(TASK TO COMPLETE): The task calls for the lines below from the line with "- Wyświetlacz: 7-calowy" to the line with "Il primo punto", both ends included, copied exactly, without any pictures.
***** RAW DATA
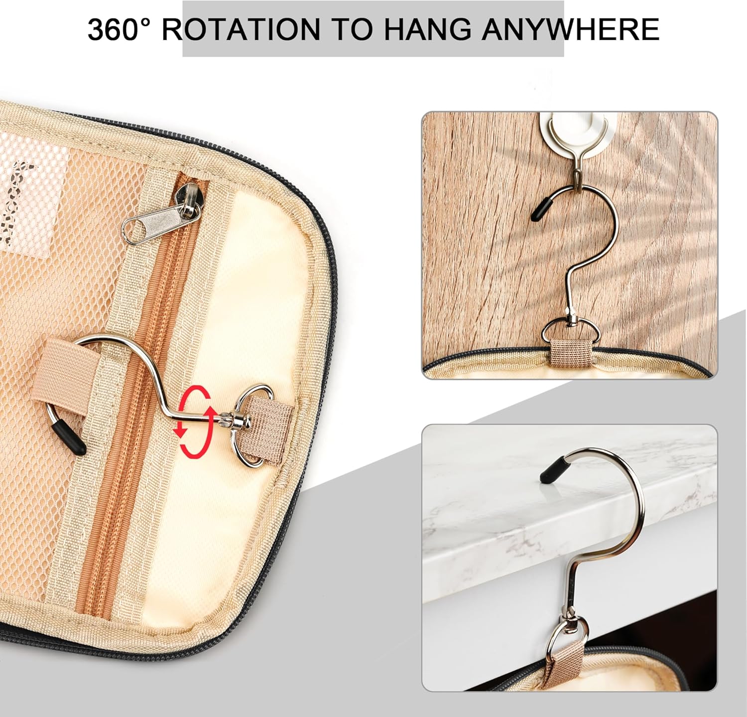 - CONSIDERABLE DESIGN - The elastic band and elastic mesh bag in the main compartment and two side compartments can keep the bottle fixed and upright. It has two waterproof compartments specially used for storing wet items. You can put your wet towel, toothbrush, shaving kit, and leaky cosmetics in it. The 360 degrees rotate metal hook gives you a variety of hanging options.
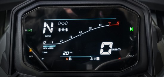 - Wyświetlacz: 7-calowy kolorowy TFT z automatycznym przełączaniem trybu dzień/noc, wyświetlający prędkość, obroty, poziom paliwa, zegar, temperaturę chłodzenia i wskaźniki.
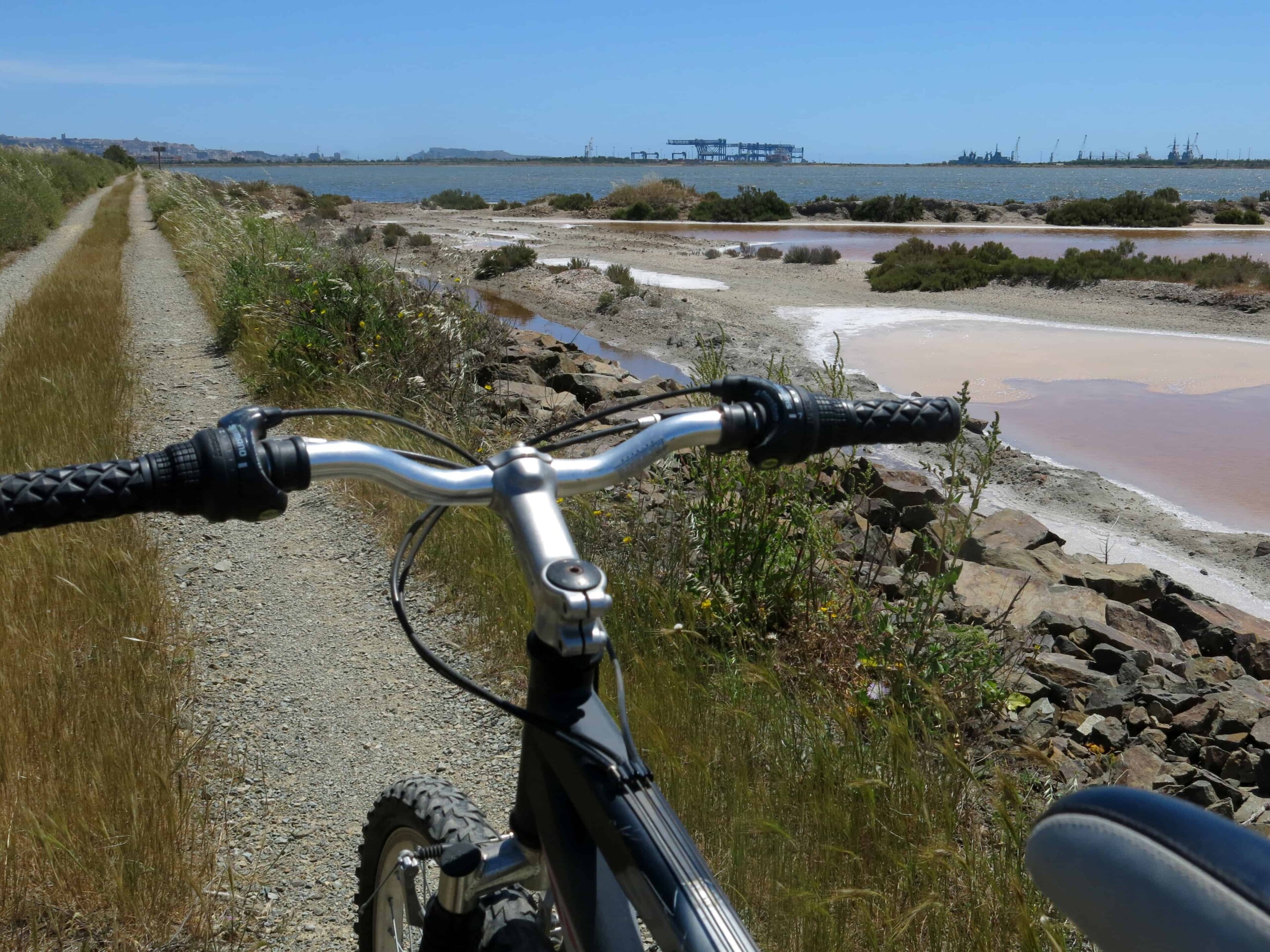 Il primo punto di interesse storico, in mezzo a tanta “insolita” natura, sono i ruderi del villaggio aziendale, Macchiareddu. Da qui ci si dirige nella darsena di porto San Pietro dove un tempo si imbarcava il sale e dove ancora si trovano i resti delle chiatte semiaffondate. Con la bici si costeggiano i bacini evaporanti fino alla chiusa di Cabunastasiu. Sullo sfondo la città di Cagliari, che merita anch’essa una visita anche su due ruote. Dopo aver aggirato la Laguna Vasta e costeggiato quella di San Gilla, si pedala seguendo l’estuario del Rio Cixerri, fino alla magnifica chiesa romanica di Santa Maria di Uta.
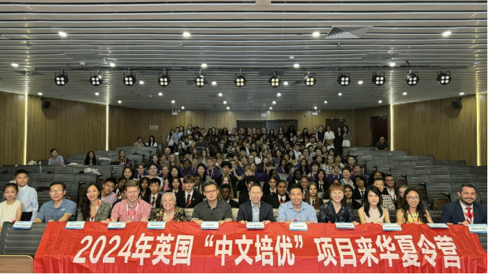 7月15日晚,2024年英国“中文培优”来华夏令营结营仪式于我校雁塔校区2号教学楼报告厅顺利举行。英国大使馆中国北方地区合作处主管Chris Butland、英国大使馆文化教育处中国区教育主任胡雪彬、英国大使馆区域合作高级官员王佳晨、英国大使馆文化教育处项目协调员蒋雍雍、Anglo European School校长助理Steph Nichols、Becket Keys Church of England School中文系主任Rebecca Lin、Kingsford Community School校长助理Matthew Young、Pates Grammar School中文系主任Zhang Xiaohui、Wilmington Grammar School for Girls校长助理和外语系主任Jim Dufton、我校国际合作与交流处处长景楠、汉学院副院长(主持工作)庞晨光以及来自英方5所学校的130余名师生与项目相关参与人员共同出席了结营仪式。
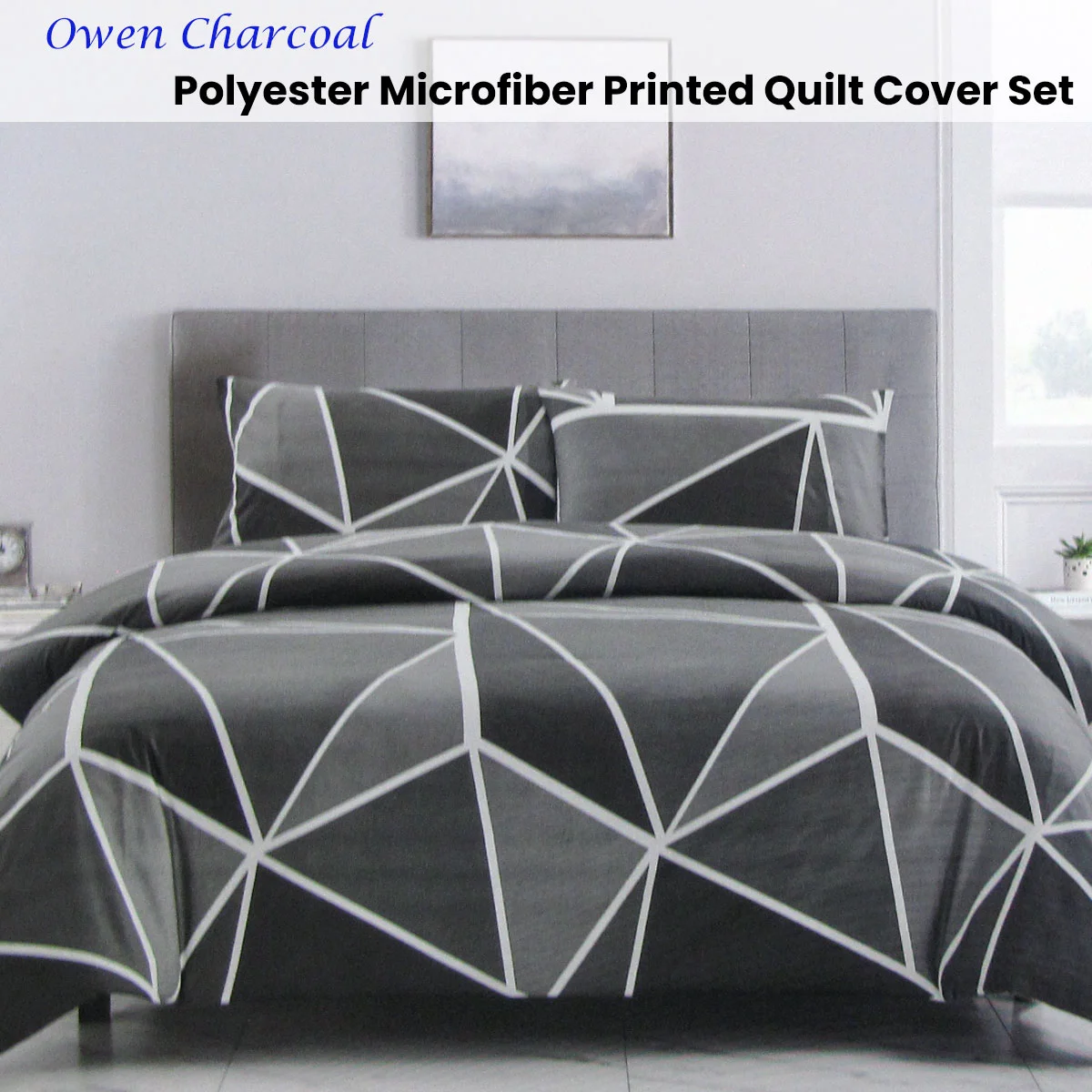 The Artex Owen Charcoal Quilt Cover Set Geometric Pattern Reversible Printed Microfiber Polyester features a striking and bold geometric design. The deep grey and charcoal tones with contrasting white lines gives the set a modern and edgy look. Made from soft polyester fabric, this set ensures long-lasting comfort and easy care, making it ideal for contemporary bedroom settings. Approx 90gsm polyester fabric, zipper closure.
**********
(EXERCISE RESULT):
 - Wyświetlacz: 7-calowy kolorowy TFT z automatycznym przełączaniem trybu dzień/noc, wyświetlający prędkość, obroty, poziom paliwa, zegar, temperaturę chłodzenia i wskaźniki.
 Il primo punto di interesse storico, in mezzo a tanta “insolita” natura, sono i ruderi del villaggio aziendale, Macchiareddu. Da qui ci si dirige nella darsena di porto San Pietro dove un tempo si imbarcava il sale e dove ancora si trovano i resti delle chiatte semiaffondate. Con la bici si costeggiano i bacini evaporanti fino alla chiusa di Cabunastasiu. Sullo sfondo la città di Cagliari, che merita anch’essa una visita anche su due ruote. Dopo aver aggirato la Laguna Vasta e costeggiato quella di San Gilla, si pedala seguendo l’estuario del Rio Cixerri, fino alla magnifica chiesa romanica di Santa Maria di Uta.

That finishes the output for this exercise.